OmicsView gives users the option to add their own data, or published data that is not on the portal yet. This is achieved through the “Internal Data” option under “My Results.”

FigureS5.0.1

To add a new dataset, click on the link “Import Internal Data” that will lead you to a page like below.

FigureS5.0.2

5.1 Data Type

There are three types of project data. The file requirements for each data type are summarized in the table below.

FigureS5.1.1

When you select different Data Types, the Upload Your Data session in the page changes accordingly.

FigureS5.1.2

5.1.1 Supported Data File Format

The system support two data formats:

  • The csv format (comma separated)
  • The tab delimited format

Be sure that your source data files are in the supported format. Usually Auto Detect is selected as default and doesn’t need to change.

5.1.2 Expression Data Format

The Gene Level Expression file can have two formats: Matrix format and Table format. Click on the Help link below the selection box to see examples.

FigureS5.1.3

The Study option is useful if you want to include the uploaded project in a specific study. And the Access option can be checked if you want to make your project viewable by all the users.

5.2 Data Upload options

Instead of uploading the source data file individually, you can compress your data files into a zip file and upload only this zip file. The application will determine the data type based on the file name. Make sure that your zip file contains the following files with exactly the same file names. You can check the requirement of the zipped file for each data type by clicking on the Requirement link under the Choose File box in the Upload Your Data session.

FigureS5.2.1

This table below summarizes the file requirement for all data types.

FigureS5.2.2

5.3 Source File format

You can always check the source file format by looking at the example files. They are located below each file selection box.

FigureS5.3.0

5.3.1 Project Info file

FigureS5.3.1.1

  • Only ProjectID is required and must be unique across the system.
  • The other four fields are highly recommended.
  • The user can add one or more projects.
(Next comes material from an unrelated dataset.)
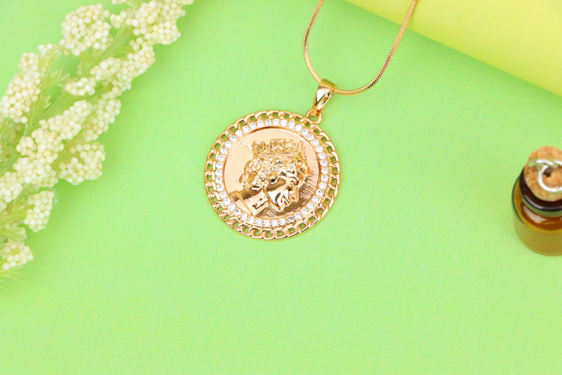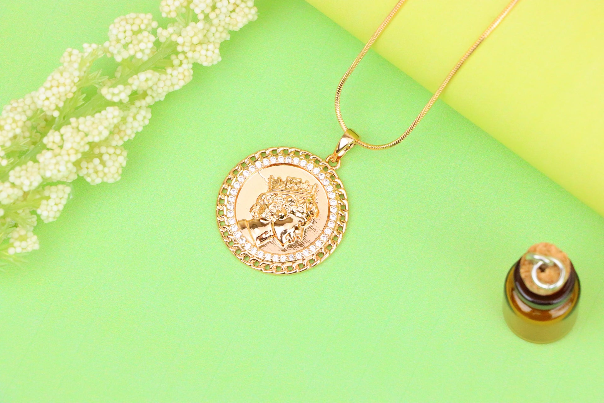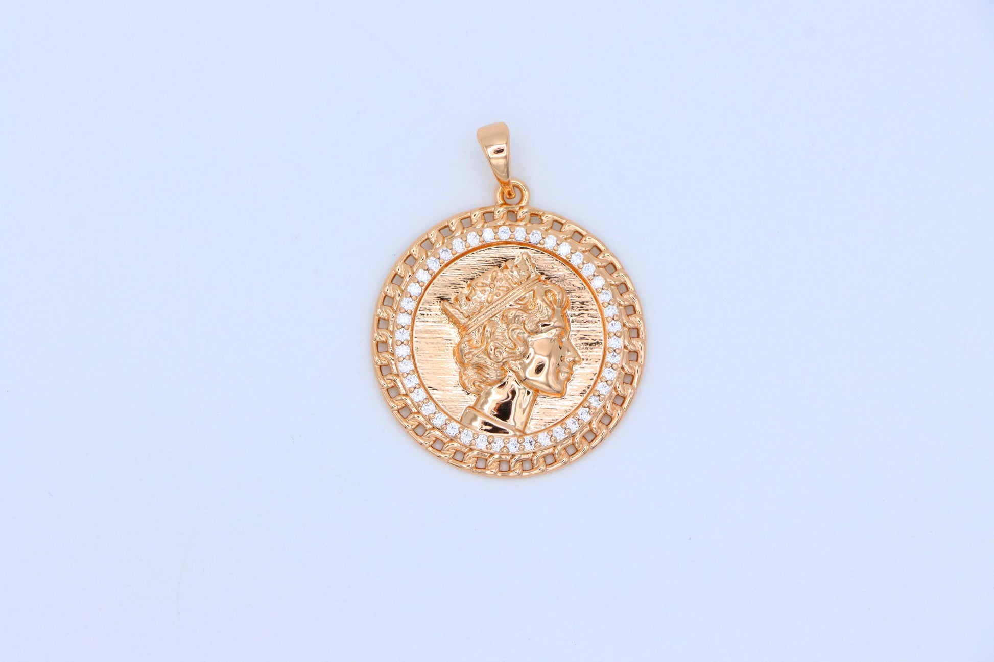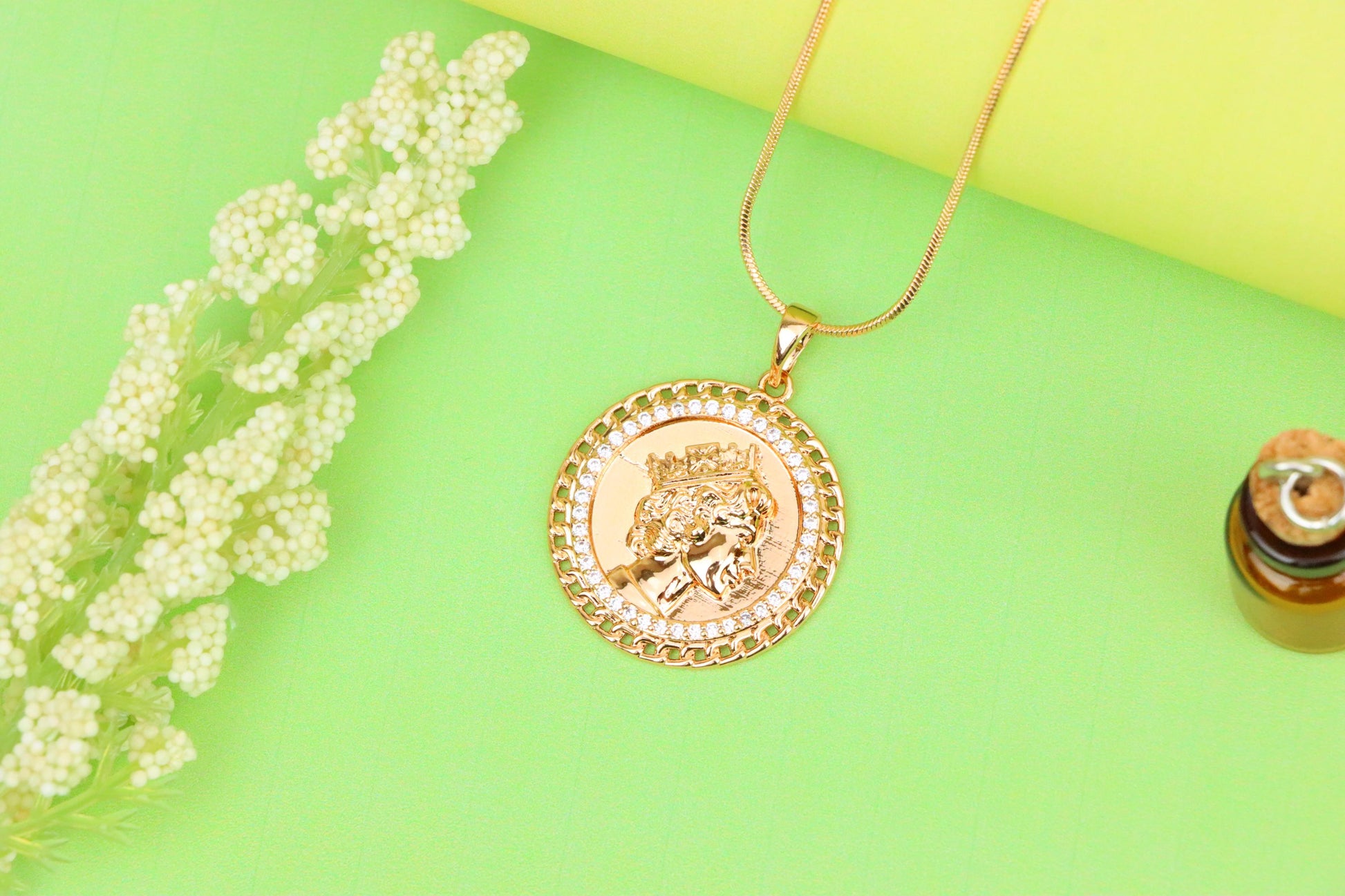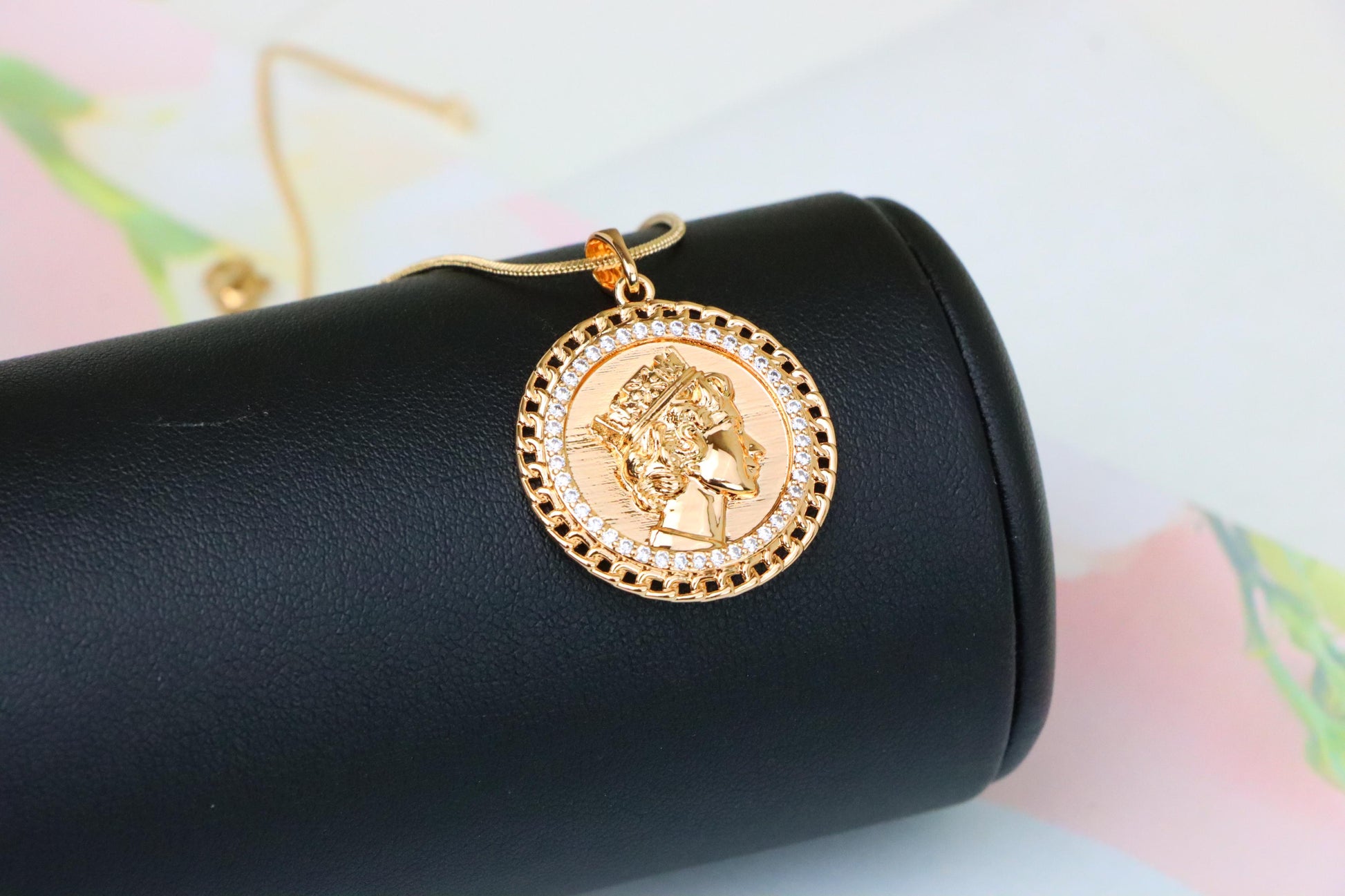 A regal addition to your collection, this coin-style pendant features a crowned queen profile surrounded by sparkling stones for a luxurious finish.

Save the file in the supported format and upload to the system. The system has a tool to check all the available fields and existing values for the project info file. Click on Distinct Values in Table under the Other Tools in the left menu.

FigureS5.3.1.2

And you will see a searching tool.

FigureS5.3.1.3

Select your interested fields to check the existing values for that field. Try your best to use the same value for the same info, which can ensure your imported projects are comparable when doing cross-project analysis.

FigureS5.3.1.4

5.3.2 Sample Info file

Recommended fields

FigureS5.3.2

  • The first three fields (in bold) are required.
  • SampleID should be unique in the same project.
  • The projectID field should match with the projectID field in the Project Info file.
  • The platformName should be one from the available values in the Distinct Values table.
  • The other fields listed here are not required but highly recommended. These are used to capture information provided by researchers about the samples.
  • The headers must match one of the distinct fields in the Distinct Values tool. If the column header provided by the user does not match any available field, the system will show the unmatched fields in the file and let you manually map it to a known field.

To check the available fields and existing values, you can also check the Distinct Values tool by selecting Samples in the box.

5.3.3 Comparison Info file

Recommended fields

FigureS5.3.3

  • The first three fields (in bold) are required.
  • ComparisonID should be unique in the same project.
  • The projectID field should match with the projectID field in the Project Info file.
  • The platformName should be one from the available values for the platformName in the Distinct Values table.
  • The next two fields Case.SampleIDs and Control.SampleIDs should be used to list the sampleIDs used as cases or controls for the comparison. Separate sampleIDs by comma.
  • The other fields listed here are not required but highly recommended. For example, ComparisonCategory is used in group comparisons in dashboard. Case.DiseaseState and Case.Tissue are used in coloring or grouping bubble plots.
  • The headers must match one of the distinct fields in the Distinct Values tool. If the column header provided by the user does not match any available field, the system will show the unmatched fields in the file and let you manually map it to a known field.

5.4 Data Formats

There are certain formats for gene expression data and comparison data files. The data format below applies to both RNA-Seq and Array data.

5.5 Gene Expression Data

For gene expression data (RNA-Seq or microarray), two types of formats are supported.

FigureS5.4.1

The Gene must be listed in the first column. The IDs can be official gene symbols, gene IDs (Entrez Id), or Ensembl IDs. The system will automatically recognize the IDs and map the IDs to the gene annotation table. The SampleIDs must match the sampleIDs in the Sample Info file.

5.6 Comparison Data

For comparison data, the following template should be used.

FigureS5.4.2

List one or more comparisons in the table. The Gene must be listed in the first column. The IDs can be official gene symbols, gene IDs (Entrez Id), or Ensembl gene IDs. The system will automatically recognize the IDs and map the IDs to the gene annotation table. The second column must be ComparisonID, which must match the comparisonIDs for the Comparison Info file. For each row, three values should be entered, logFC is the log2 Fold Change, P.Value, and adj.P.Val (FDR). Most statistical packages output these three values. If some values are missing, enter NAs.